To test he speed of these machine for quad precision we add the terms of a geometric series. The sum of the first 20 million terms of a geometric series can be computed with 20 million multiplies and adds or just one call the power function using the standard formula for the sum a geometric series. In this test all terms are between 0.5 and 1.0 so the roundoffs should be the same order of magnitude. We used Mathematica to find the "exact" answer which is used to compute the number of bits of precision the answer has after 20 million floating point roundings.: sumtest - for speed

Here are the result of sumtest with indri the Sun Ultrasparc 1 on my desk included for reference.

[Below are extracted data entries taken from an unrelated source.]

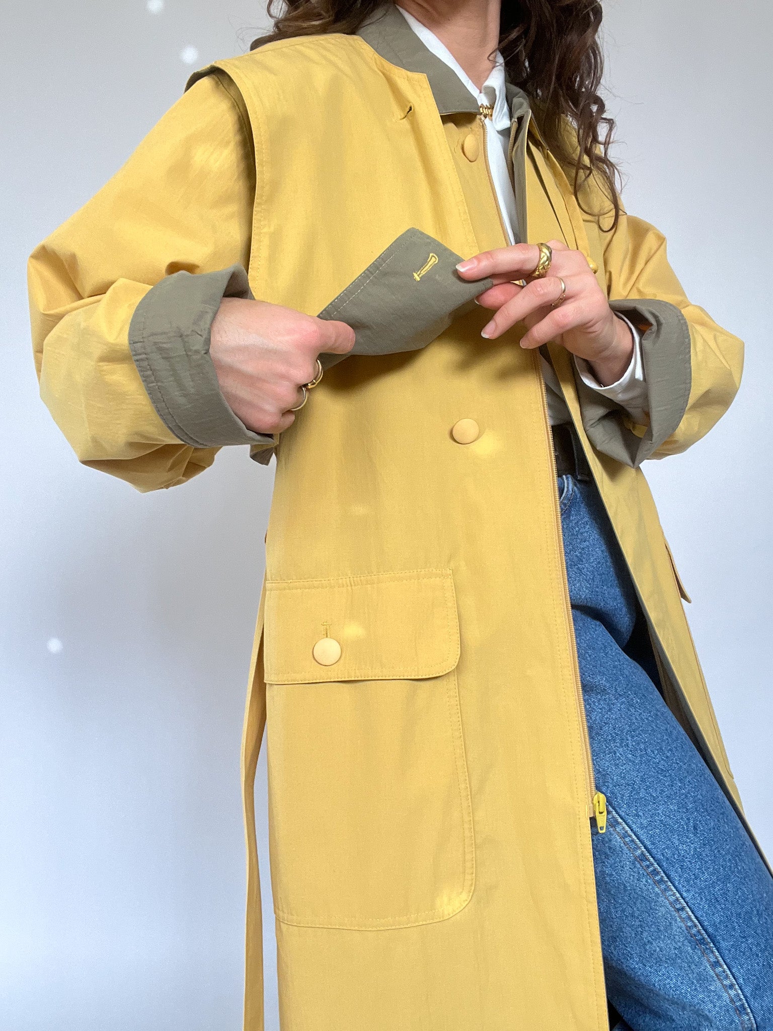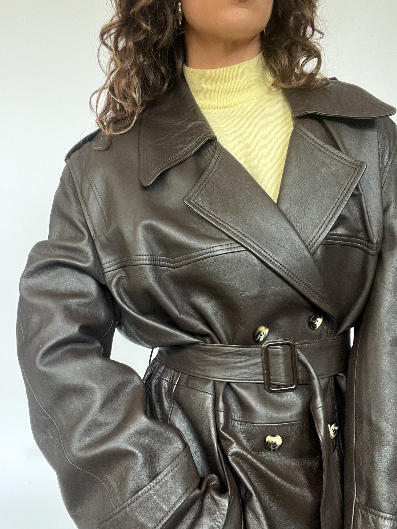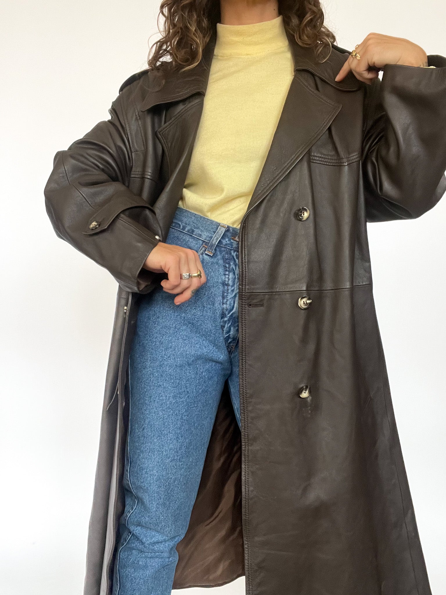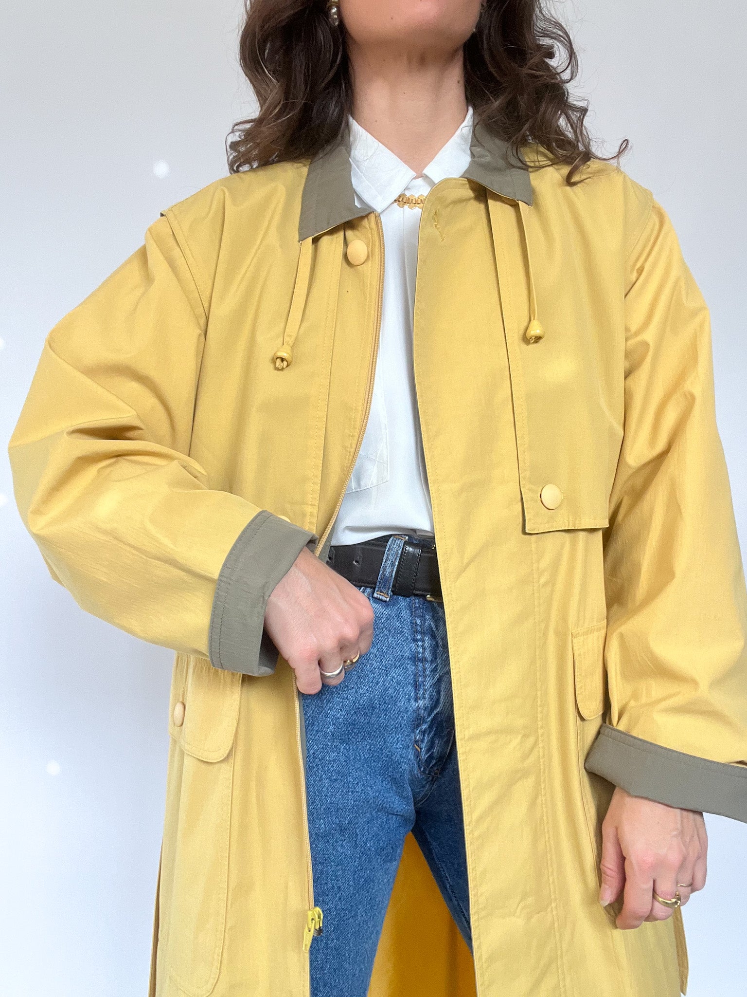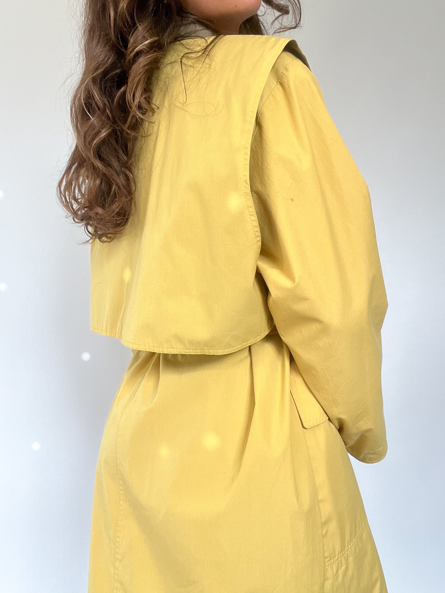 Vintage Taupe Belted Coat with Faux Fur Collar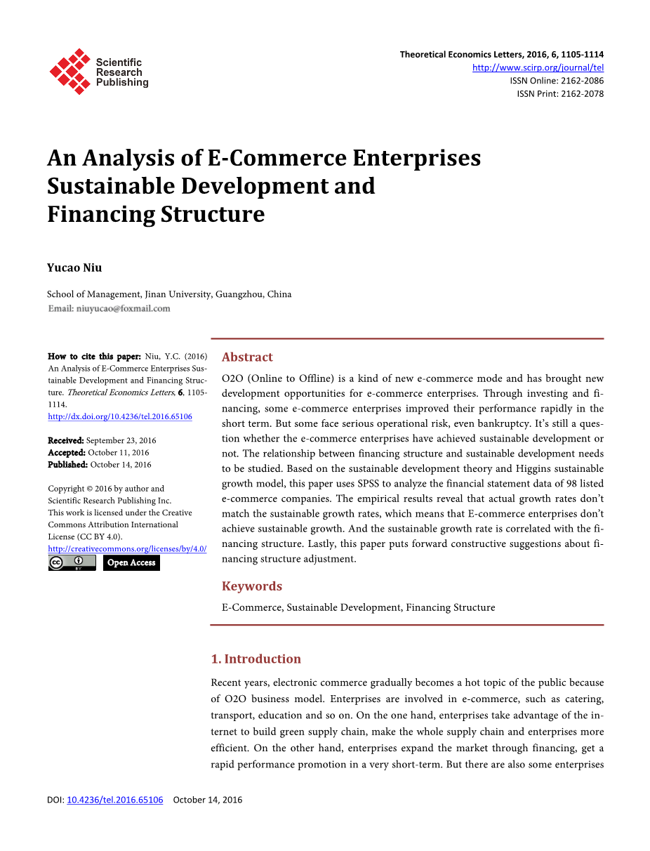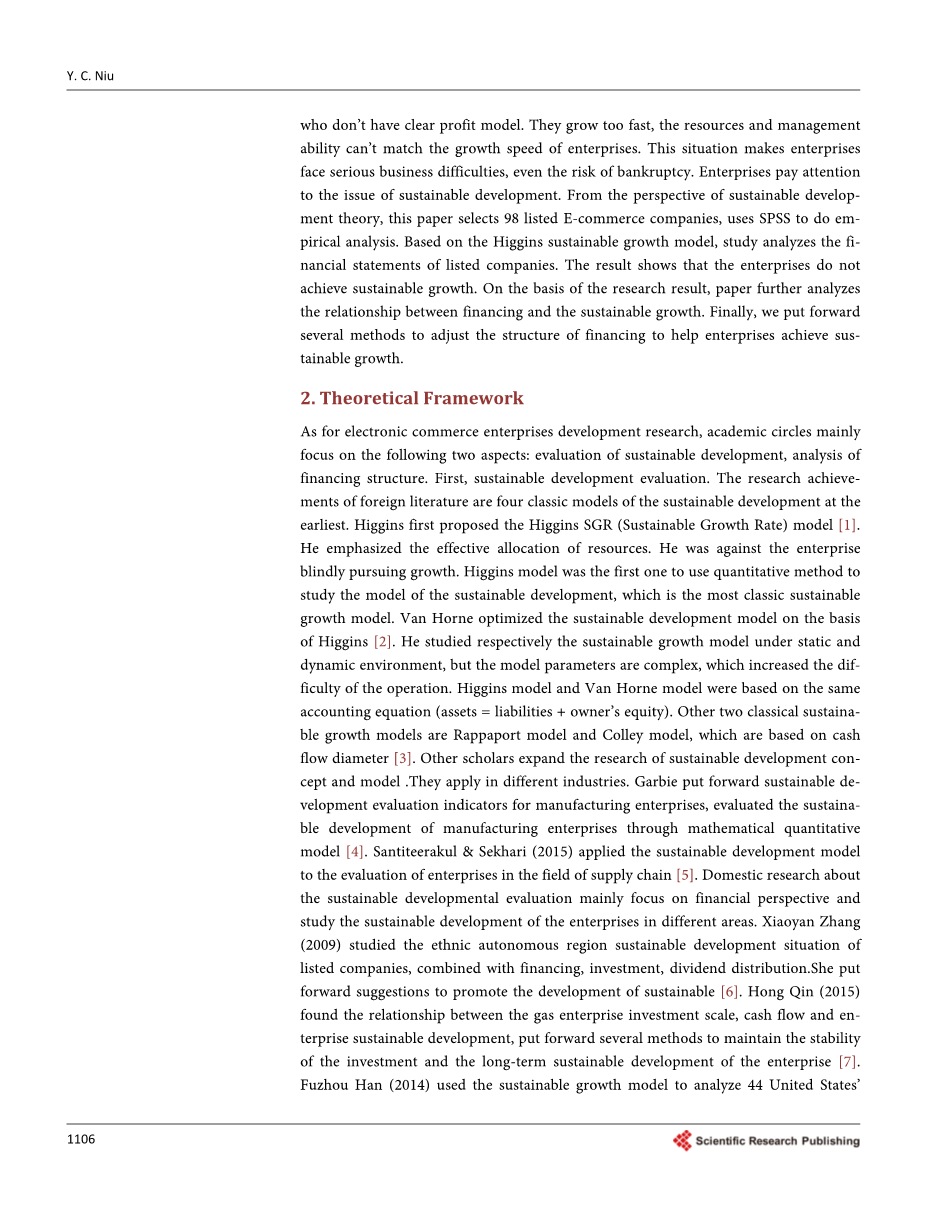 在电子商务企业发展研究方面,学术界主要集中在以下两个方面:可持续发展评估,融资结构分析。一是可持续发展评估。国外文学的研究成果最早是可持续发展的四种典型模式。 Higgins首先提出了Higgins SGR(可持续增长率)模型[1]。他强调资源的有效配置。他反对企业盲目追求增长。希金斯模型是第一个用定量方法研究可持续发展模型的模型,这是最经典的可持续增长模型。 Van Horne在Higgins的基础上优化了可持续发展模型[2]。他分别研究了静态和动态环境下的可持续增长模型,但模型参数复杂,增加了操作难度。希金斯模型和范霍恩模型基于相同的会计等式(资产=负债 所有者权益)。其他两种经典的可持续增长模型是基于现金流量直径的Rappaport模型和Colley模型[3]。其他学者对可持续发展的概念和模式进行了研究。它们适用于不同的行业。 Garbie提出制造企业可持续发展评价指标,通过数学定量模型对制造企业的可持续发展进行评价[4]。 Santiteerakul&Sekhari(2015)将可持续发展模型应用于供应链领域的企业评估[5]。国内关于可持续发展评价的研究主要集中在财务视角,研究不同地区企业的可持续发展。张小燕(2009)研究了民族自治地区上市公司可持续发展状况,并结合融资,投资,股利分配等方面提出了促进可持续发展的建议[6]。洪勤(2015)发现燃气企业投资规模,现金流量与企业可持续发展之间的关系,提出了维持投资稳定性和企业长期可持续发展的几种方法[7]。福州汉(2014)采用可持续增长模型分析了2008 - 2012年间44家美国上市电子商务公司[8]。财务数据显示企业未实现可持续增长。他提出融资,利润等因素影响企业的可持续发展。但他没有做进一步的实证检验。现有文献研究涵盖生物制药,煤炭,信息技术等行业企业。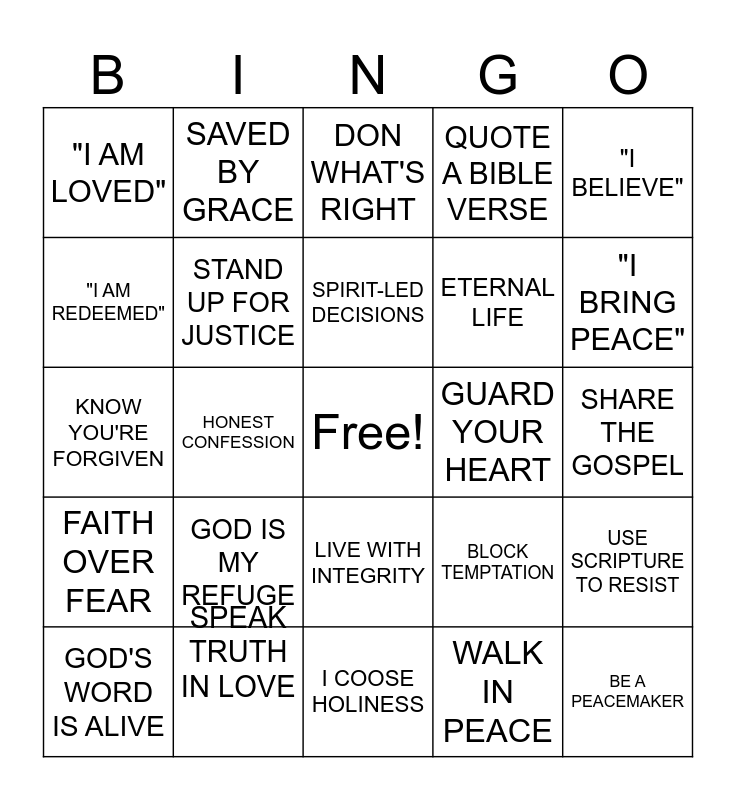 This bingo card has a free space and 30 words: SPEAK TRUTH IN LOVE, REJECT LIES, HONEST CONFESSION, TRUTH SETS YOU FREE, "I AM LOVED", DON WHAT'S RIGHT, STAND UP FOR JUSTICE, LIVE WITH INTEGRITY, GUARD YOUR HEART, I COOSE HOLINESS, SHARE THE GOSPEL, BE A PEACEMAKER, WALK IN PEACE, READY TO SERVE, "I BRING PEACE", TRUST GOD'S PROMISES, BLOCK TEMPTATION, FAITH OVER FEAR, GOD IS MY REFUGE, "I BELIEVE", KNOW YOU'RE FORGIVEN, RENEW YOUR MIND, SAVED BY GRACE, ETERNAL LIFE, "I AM REDEEMED", QUOTE A BIBLE VERSE, USE SCRIPTURE TO RESIST, GOD'S WORD IS ALIVE, SPIRIT-LED DECISIONS and "IT IS WRITTEN".

Summary of the sumtest results
Machine Seconds to complete Bits of precision

Mozart 13 92

Gershwin 20 92

Strauss 70 92

Joplin 69 75

Indri 1603 92

Summary of the sumtest results
Machine	Seconds to complete	Bits of precision
Mozart	13	92
Gershwin	20	92
Strauss	70	92
Joplin	69	75
Indri	1603	92

Conclusions

Strauss is very good at doing quad precision arithmetic, and is respectably fast.
Gershwin is the fastest machine we have for double precision, but does not do quite as well on quad precision. Make sure you use the -64 option on the compile to get quad precision.
Joplin is designed for vectorizable problems. The code is not vectorizable, so Joplin does not fare as well. Joplin should not be used for these type of problems since the Cray has a non-standard 120 bit floating point, and there is no speed advantage
Mozart is the fastest machine we have for quad precision, but it is scheduled for decomissioning June 30. Also it has a non-standard quad precision floating point.